1. Operation Twist
By: Belal Akhtar
The U.S. economy is stuck on neutral and needs to shift into overdrive. The economy will
not grow, or will grow at a very slow pace, for the next few years, and maybe even in the long
term. Unemployment is hovering around 9.1%, housing prices and the consumer confidence
index continue to decline. Not to mention, the situation in Europe is not raising investors’ hope
in global financial markets. So who will kick start the economy? Who will save the U.S. from
another recession, high unemployment, and bring back consumer confidence? Why the Fed of
course! Yes Ben Bernanke and company have decided to try something similar to quantitative
easing but this time it’s a little different; this time the steroid-overdosed Fed balance sheet will
not be injected with any more drugs. Instead this time it will take some small pills out and
replace them with bigger ones.
So what does this mean? First of all, as of the end of September, the Fed held $1.65
trillion worth of treasuries on its balance sheet; $1.45 trillion of these were short term (10 years
to maturity or less). In Operation Twist it plans to trade or sell $400 billion of its short term
treasuries in exchange for about the same amount of long-term treasuries, thus keeping the
balance on its balance sheet stable. The idea is to take advantage of the negative relationship
between interest rates and treasury prices by increasing the demand for long term treasuries, thus
increase their prices to lower long-term interest rates. Thus, this plan twists the yield curve or
flattens it so that long-term interest rates, typically higher than short term rates, become lower
than short-term rates, which will be pushed up due to the selling of short-term treasury securities.

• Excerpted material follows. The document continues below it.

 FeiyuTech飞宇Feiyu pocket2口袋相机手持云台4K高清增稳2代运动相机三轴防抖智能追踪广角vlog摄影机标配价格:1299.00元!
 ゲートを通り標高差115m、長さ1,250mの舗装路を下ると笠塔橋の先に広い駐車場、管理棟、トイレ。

The objective is to lower rates to stimulate spending and borrowing. With lower rates, the hope is
that businesses will not hesitate to borrow, banks and lenders will lend bonds at a higher price,
and investors will invest in riskier assets.
Still that does not mean that this plan is full proof. Questions are left unanswered such as
exactly how much to spend on long term treasuries and how much of an effect this strategy will
have on long-term rates. The Fed tried a similar strategy in 1961 but on a much smaller scale.

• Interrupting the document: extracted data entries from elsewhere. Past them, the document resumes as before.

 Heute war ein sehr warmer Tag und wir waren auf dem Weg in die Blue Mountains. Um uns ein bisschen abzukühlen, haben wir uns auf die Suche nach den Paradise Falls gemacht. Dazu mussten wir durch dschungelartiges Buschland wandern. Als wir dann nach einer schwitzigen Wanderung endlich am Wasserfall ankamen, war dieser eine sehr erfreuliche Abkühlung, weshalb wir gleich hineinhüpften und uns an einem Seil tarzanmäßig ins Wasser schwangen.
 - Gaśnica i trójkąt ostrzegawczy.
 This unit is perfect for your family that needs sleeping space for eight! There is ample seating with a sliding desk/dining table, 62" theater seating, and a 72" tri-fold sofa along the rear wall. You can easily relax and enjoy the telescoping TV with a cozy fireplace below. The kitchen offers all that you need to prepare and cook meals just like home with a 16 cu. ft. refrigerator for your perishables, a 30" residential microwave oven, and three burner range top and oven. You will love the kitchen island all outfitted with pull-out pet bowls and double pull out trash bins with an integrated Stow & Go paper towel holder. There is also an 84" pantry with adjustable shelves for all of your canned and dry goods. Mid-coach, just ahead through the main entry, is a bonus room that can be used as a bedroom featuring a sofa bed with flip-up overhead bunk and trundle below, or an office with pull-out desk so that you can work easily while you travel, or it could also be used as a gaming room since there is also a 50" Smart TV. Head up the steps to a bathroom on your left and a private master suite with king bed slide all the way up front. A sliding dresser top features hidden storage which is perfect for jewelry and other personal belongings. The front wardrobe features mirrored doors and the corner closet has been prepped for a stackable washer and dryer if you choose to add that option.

Economist debate the success of that policy, with long-term rates falling .1% to some falling 15
basis points or .15%. Many economists believe this policy was a failure and will not work again,
including those in the FOMC and in Bernanke’s inner circle. Not to mention, the opposition from
most of the Republican Party can make it very difficult for this plan to be fully implemented.
Proponents claim that this time the exchange will be on a much larger scale and the Fed has
learned from its past mistakes. The Fed believes that it cannot sit idly by and watch the U.S.
economy fall into another recession and therefore must do something, anything, to stimulate the
economy back, even drop the unemployment rate by half a percent.
Ben Bernanke has expressed that job creation is the Federal Reserve’s primary goal, but
Operation Twist probably won’t work in terms of getting private-sector employers to hire more
people. Interest rates are already at record lows (and will remain low until 2013) and still
unemployment remains stagnant. In fact the U.S. is in a liquidity trap, where interest rates cannot
go down any further, but it still feels like a recession. So even if the Fed succeeds in driving
2. long-term interest even lower, unemployment will continue to remain at around 9% at least for
the short term. Employers will realize the benefits of lower interest rates on money market
instruments such as treasuries, perhaps as early as the second quarter of 2013 but probably not
sooner. Instead the Fed should focus on and promote venture growth, especially in the
engineering, computer science, and science sectors of the economy, by making it easier for banks
to borrow from the Fed’s “discount window”. By making it easier for banks to borrow money
directly from the Fed, it will spur banks to make loans to growing ventures so they can expand
operations, invest in capital as well as advanced technology, and of course hire workers. Also,
the Fed may start thinking about letting banks hold less cash reserves at the Fed (less excess
reserves) so banks may lend more. Operation Twist is not a bad idea, but I feel there are better
policies out there that the Fed can use.
Fed’s long-term goals are to keep prices stable and keep unemployment down. Let’s see
if this strategy works and if it can fulfill both of these goals in the coming year.